* WHAT THIS TASK INVOLVES
Using the records below, write out only the lines from the line containing "Tack magnet med" up to and including the line containing "泉州网12月24日讯(融媒体", exactly, with no pictures.

* INPUT RECORDS
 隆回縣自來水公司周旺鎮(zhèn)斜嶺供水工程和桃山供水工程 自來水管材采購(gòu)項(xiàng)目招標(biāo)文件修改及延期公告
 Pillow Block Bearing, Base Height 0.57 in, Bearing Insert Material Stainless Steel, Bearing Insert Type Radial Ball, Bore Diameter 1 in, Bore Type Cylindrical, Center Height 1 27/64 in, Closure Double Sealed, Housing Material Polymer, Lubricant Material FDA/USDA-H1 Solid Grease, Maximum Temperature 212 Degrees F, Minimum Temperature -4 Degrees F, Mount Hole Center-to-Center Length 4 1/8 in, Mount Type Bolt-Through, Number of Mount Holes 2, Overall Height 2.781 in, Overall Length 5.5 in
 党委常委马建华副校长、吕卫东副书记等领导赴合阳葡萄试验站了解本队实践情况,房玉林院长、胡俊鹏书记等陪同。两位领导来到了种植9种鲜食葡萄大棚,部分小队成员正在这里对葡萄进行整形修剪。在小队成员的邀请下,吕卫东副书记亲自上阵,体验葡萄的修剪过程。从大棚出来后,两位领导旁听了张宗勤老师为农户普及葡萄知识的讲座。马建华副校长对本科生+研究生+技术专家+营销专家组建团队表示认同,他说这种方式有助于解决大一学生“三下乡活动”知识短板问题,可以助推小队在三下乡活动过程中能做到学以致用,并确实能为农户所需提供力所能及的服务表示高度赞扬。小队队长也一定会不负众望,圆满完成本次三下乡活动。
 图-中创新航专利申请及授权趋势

* * *

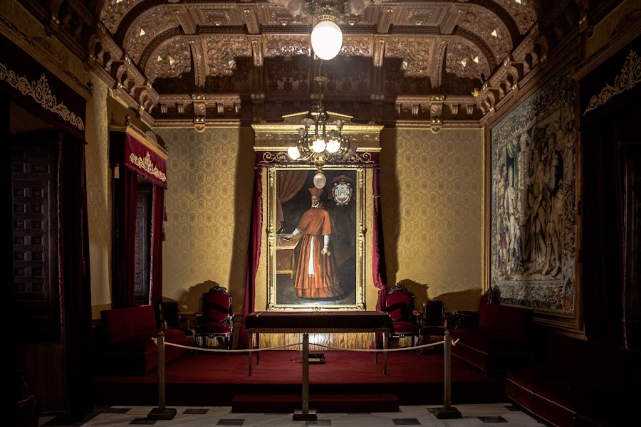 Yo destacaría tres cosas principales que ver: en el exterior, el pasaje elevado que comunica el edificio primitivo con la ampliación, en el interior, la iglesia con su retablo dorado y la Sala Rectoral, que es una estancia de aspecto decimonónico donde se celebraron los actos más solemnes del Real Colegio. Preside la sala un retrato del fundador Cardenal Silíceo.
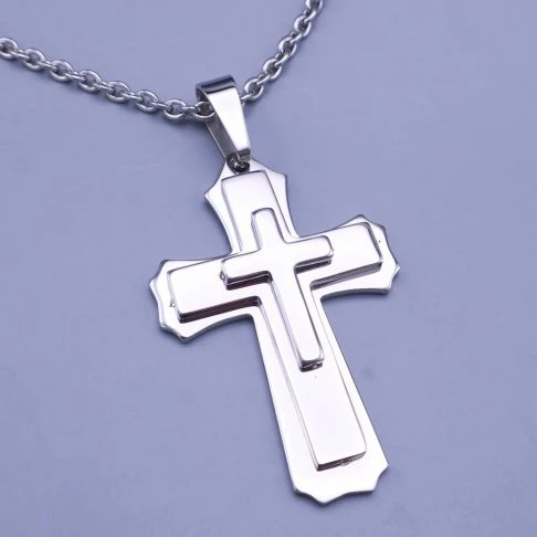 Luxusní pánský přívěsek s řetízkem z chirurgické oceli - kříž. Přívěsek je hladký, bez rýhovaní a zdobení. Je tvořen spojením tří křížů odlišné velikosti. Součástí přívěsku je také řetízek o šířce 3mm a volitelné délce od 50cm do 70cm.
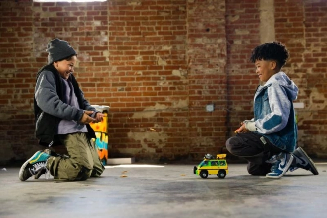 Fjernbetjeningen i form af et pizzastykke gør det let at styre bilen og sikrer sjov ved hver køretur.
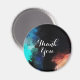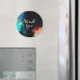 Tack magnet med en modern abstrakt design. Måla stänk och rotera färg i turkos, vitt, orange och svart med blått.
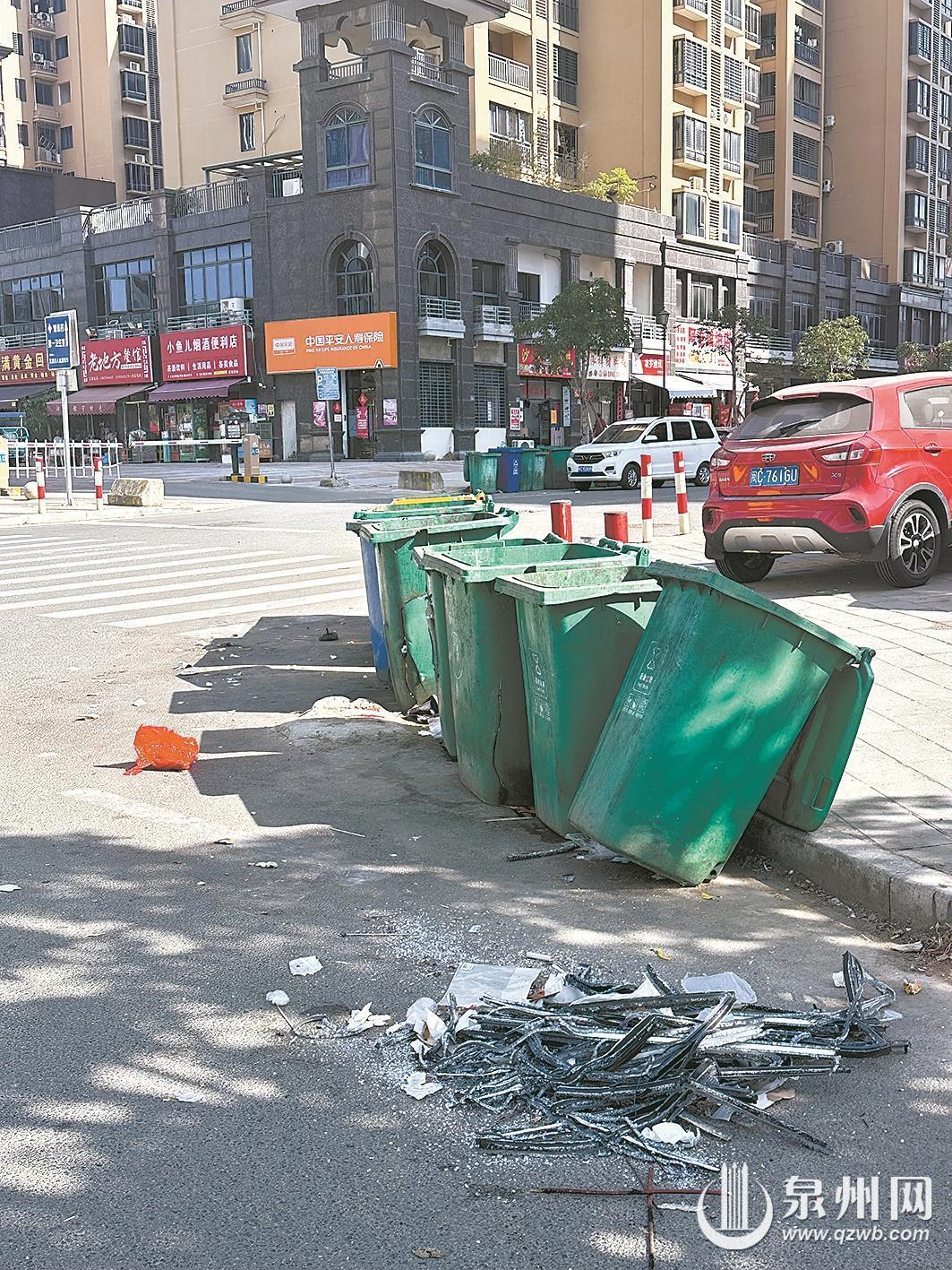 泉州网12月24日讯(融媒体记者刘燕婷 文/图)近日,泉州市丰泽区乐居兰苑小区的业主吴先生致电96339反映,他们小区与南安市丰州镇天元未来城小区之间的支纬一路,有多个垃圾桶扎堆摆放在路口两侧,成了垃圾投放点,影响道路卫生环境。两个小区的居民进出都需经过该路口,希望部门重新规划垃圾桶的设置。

* COMPLETED EXERCISE
 Tack magnet med en modern abstrakt design. Måla stänk och rotera färg i turkos, vitt, orange och svart med blått.
 泉州网12月24日讯(融媒体记者刘燕婷 文/图)近日,泉州市丰泽区乐居兰苑小区的业主吴先生致电96339反映,他们小区与南安市丰州镇天元未来城小区之间的支纬一路,有多个垃圾桶扎堆摆放在路口两侧,成了垃圾投放点,影响道路卫生环境。两个小区的居民进出都需经过该路口,希望部门重新规划垃圾桶的设置。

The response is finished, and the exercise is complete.